(Recorded data)
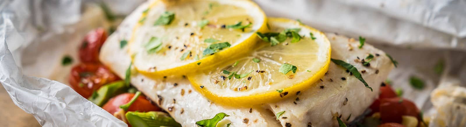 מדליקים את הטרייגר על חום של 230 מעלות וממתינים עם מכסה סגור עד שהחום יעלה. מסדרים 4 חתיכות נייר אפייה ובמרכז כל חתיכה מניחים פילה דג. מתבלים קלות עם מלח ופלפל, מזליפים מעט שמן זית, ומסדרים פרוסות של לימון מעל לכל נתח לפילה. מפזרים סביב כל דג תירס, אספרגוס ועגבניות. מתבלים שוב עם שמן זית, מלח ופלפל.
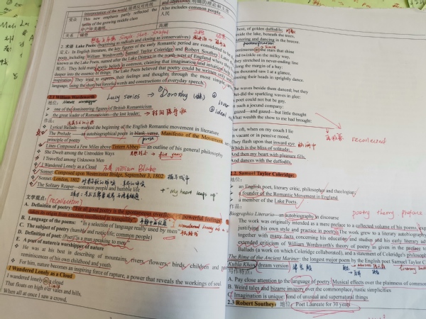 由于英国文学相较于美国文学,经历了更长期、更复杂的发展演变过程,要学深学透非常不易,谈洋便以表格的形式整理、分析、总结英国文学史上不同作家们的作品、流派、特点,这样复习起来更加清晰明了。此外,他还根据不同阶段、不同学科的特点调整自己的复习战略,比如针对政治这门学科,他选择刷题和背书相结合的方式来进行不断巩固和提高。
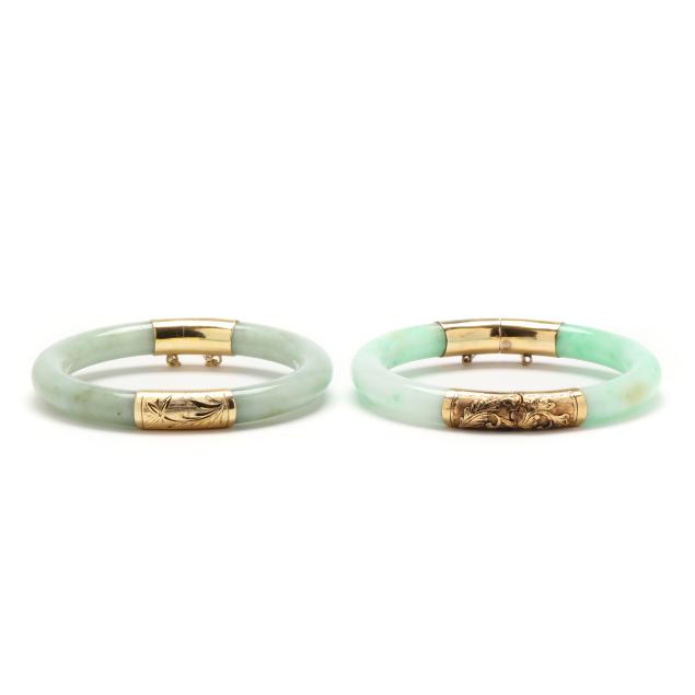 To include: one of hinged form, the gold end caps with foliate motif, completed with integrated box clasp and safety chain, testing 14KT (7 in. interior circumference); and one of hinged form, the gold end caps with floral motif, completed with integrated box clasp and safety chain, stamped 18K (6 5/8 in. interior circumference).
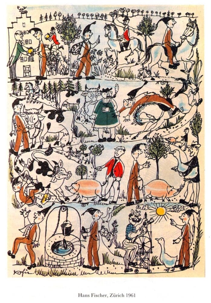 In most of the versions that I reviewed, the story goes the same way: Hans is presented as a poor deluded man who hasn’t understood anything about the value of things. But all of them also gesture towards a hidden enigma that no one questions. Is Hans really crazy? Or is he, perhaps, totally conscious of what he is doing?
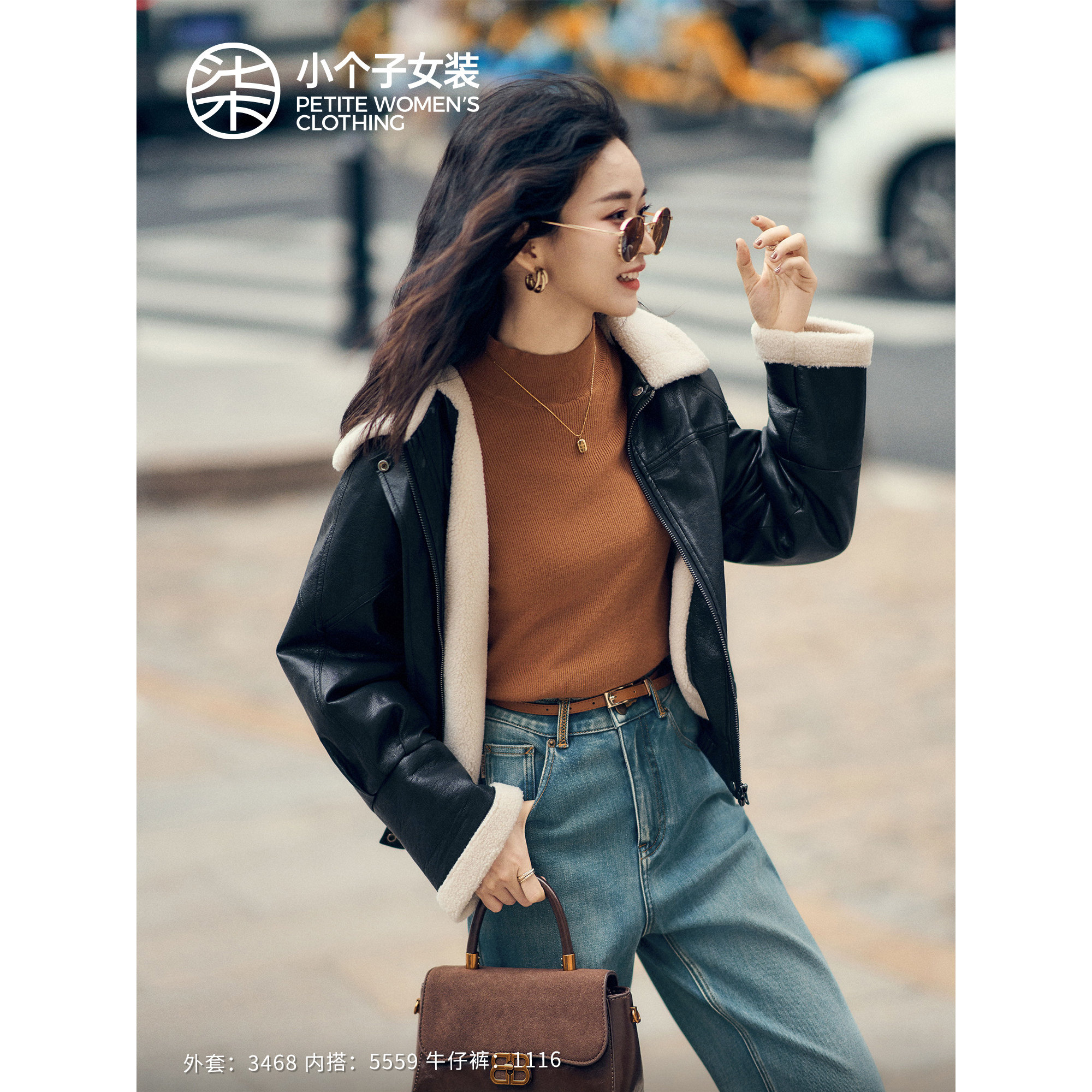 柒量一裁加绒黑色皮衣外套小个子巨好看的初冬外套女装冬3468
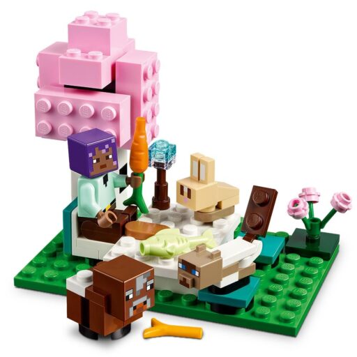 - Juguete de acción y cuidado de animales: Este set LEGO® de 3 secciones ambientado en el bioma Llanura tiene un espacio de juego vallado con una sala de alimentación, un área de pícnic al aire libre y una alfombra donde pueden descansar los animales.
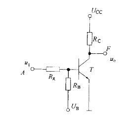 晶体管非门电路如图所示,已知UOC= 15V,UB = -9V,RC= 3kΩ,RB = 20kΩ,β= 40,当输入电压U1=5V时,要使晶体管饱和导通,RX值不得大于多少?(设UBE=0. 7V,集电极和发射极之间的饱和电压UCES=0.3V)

**Action item**
The answer must be the lines above, word for word, from the first one through the line with "To include: one", pictures excluded.

**Answer below**
 מדליקים את הטרייגר על חום של 230 מעלות וממתינים עם מכסה סגור עד שהחום יעלה. מסדרים 4 חתיכות נייר אפייה ובמרכז כל חתיכה מניחים פילה דג. מתבלים קלות עם מלח ופלפל, מזליפים מעט שמן זית, ומסדרים פרוסות של לימון מעל לכל נתח לפילה. מפזרים סביב כל דג תירס, אספרגוס ועגבניות. מתבלים שוב עם שמן זית, מלח ופלפל.
 由于英国文学相较于美国文学,经历了更长期、更复杂的发展演变过程,要学深学透非常不易,谈洋便以表格的形式整理、分析、总结英国文学史上不同作家们的作品、流派、特点,这样复习起来更加清晰明了。此外,他还根据不同阶段、不同学科的特点调整自己的复习战略,比如针对政治这门学科,他选择刷题和背书相结合的方式来进行不断巩固和提高。
 To include: one of hinged form, the gold end caps with foliate motif, completed with integrated box clasp and safety chain, testing 14KT (7 in. interior circumference); and one of hinged form, the gold end caps with floral motif, completed with integrated box clasp and safety chain, stamped 18K (6 5/8 in. interior circumference).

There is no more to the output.